§ **GIVEN RECORDS**:

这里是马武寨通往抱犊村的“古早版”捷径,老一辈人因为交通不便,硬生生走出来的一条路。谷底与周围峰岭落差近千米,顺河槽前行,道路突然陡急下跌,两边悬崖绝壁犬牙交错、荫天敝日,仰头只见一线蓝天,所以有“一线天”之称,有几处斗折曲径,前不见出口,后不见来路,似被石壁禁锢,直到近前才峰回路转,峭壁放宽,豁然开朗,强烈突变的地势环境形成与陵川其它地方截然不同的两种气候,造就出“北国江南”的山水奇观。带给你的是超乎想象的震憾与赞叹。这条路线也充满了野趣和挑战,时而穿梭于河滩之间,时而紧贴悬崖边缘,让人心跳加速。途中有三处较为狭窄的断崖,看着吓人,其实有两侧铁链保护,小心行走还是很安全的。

...

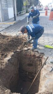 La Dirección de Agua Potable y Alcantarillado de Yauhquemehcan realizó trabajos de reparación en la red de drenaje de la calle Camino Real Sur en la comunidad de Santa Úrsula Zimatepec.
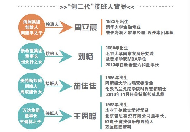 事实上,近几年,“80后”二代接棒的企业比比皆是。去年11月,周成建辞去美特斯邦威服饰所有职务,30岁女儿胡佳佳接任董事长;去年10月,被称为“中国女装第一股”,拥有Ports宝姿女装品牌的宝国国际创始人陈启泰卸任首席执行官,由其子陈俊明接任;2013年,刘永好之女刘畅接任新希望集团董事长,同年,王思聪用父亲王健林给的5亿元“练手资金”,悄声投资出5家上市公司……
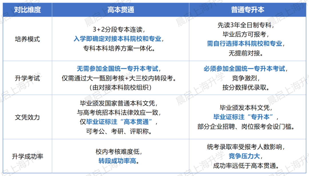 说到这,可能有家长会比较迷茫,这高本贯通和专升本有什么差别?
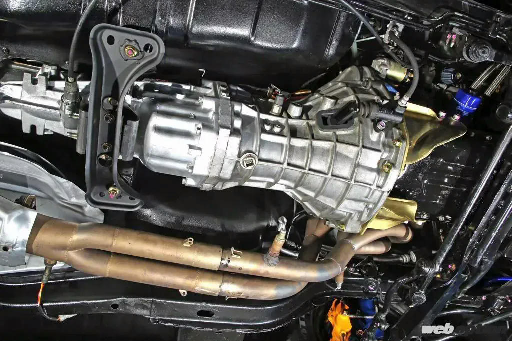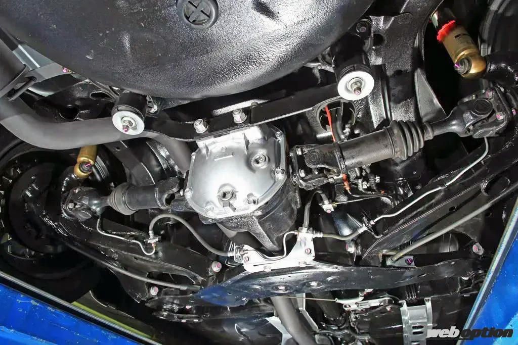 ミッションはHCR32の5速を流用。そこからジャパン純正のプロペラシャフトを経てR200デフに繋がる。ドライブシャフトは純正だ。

* * *

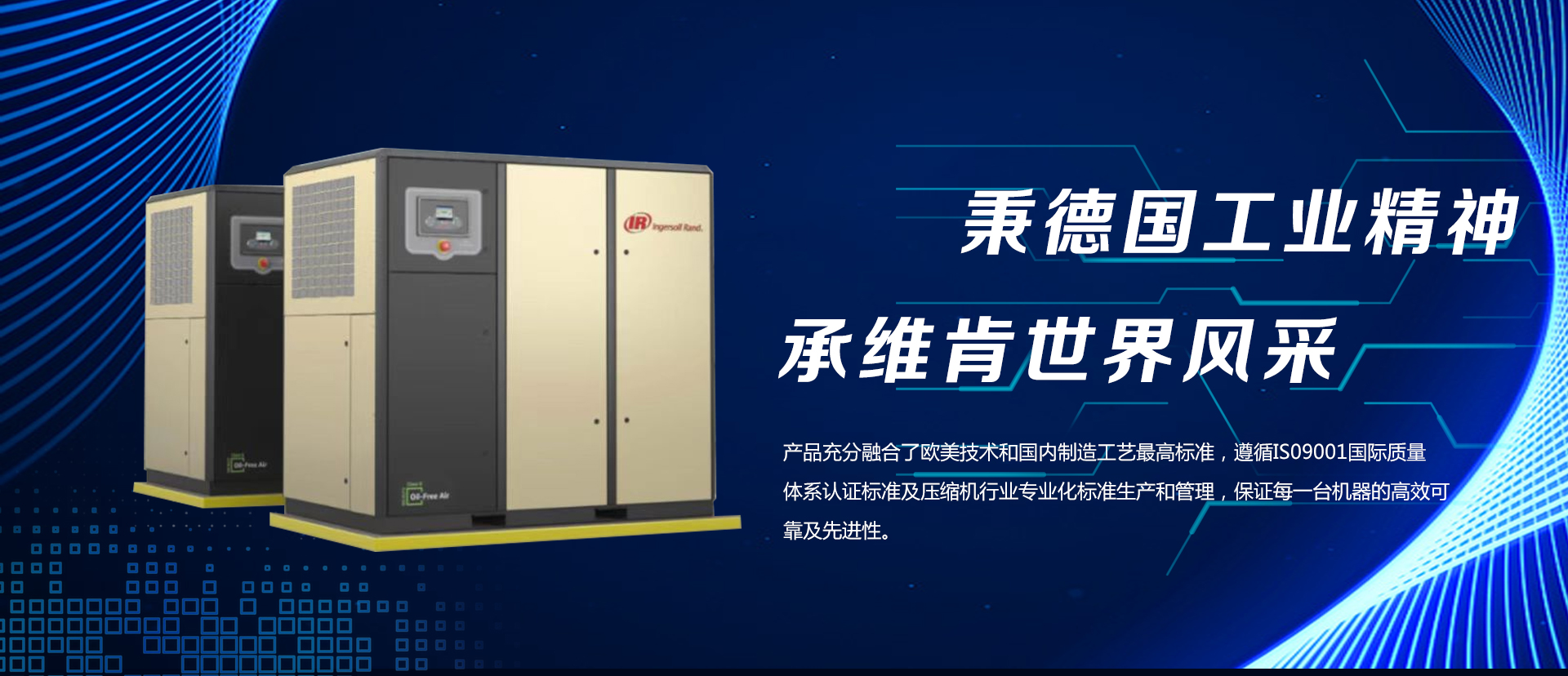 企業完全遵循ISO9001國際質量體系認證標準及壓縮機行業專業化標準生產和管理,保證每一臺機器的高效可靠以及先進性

§ **AIM OF THE TASK**: Using the entries above, extract exactly the lines from the one that contains "说到这,可能有家长会比较迷茫,这高本贯通和专升本有什么差别?" through the one that contains "ミッションはHCR32の5速". Do not carry over any pictures.

§ **SOLUTION**:
 说到这,可能有家长会比较迷茫,这高本贯通和专升本有什么差别?
 ミッションはHCR32の5速を流用。そこからジャパン純正のプロペラシャフトを経てR200デフに繋がる。ドライブシャフトは純正だ。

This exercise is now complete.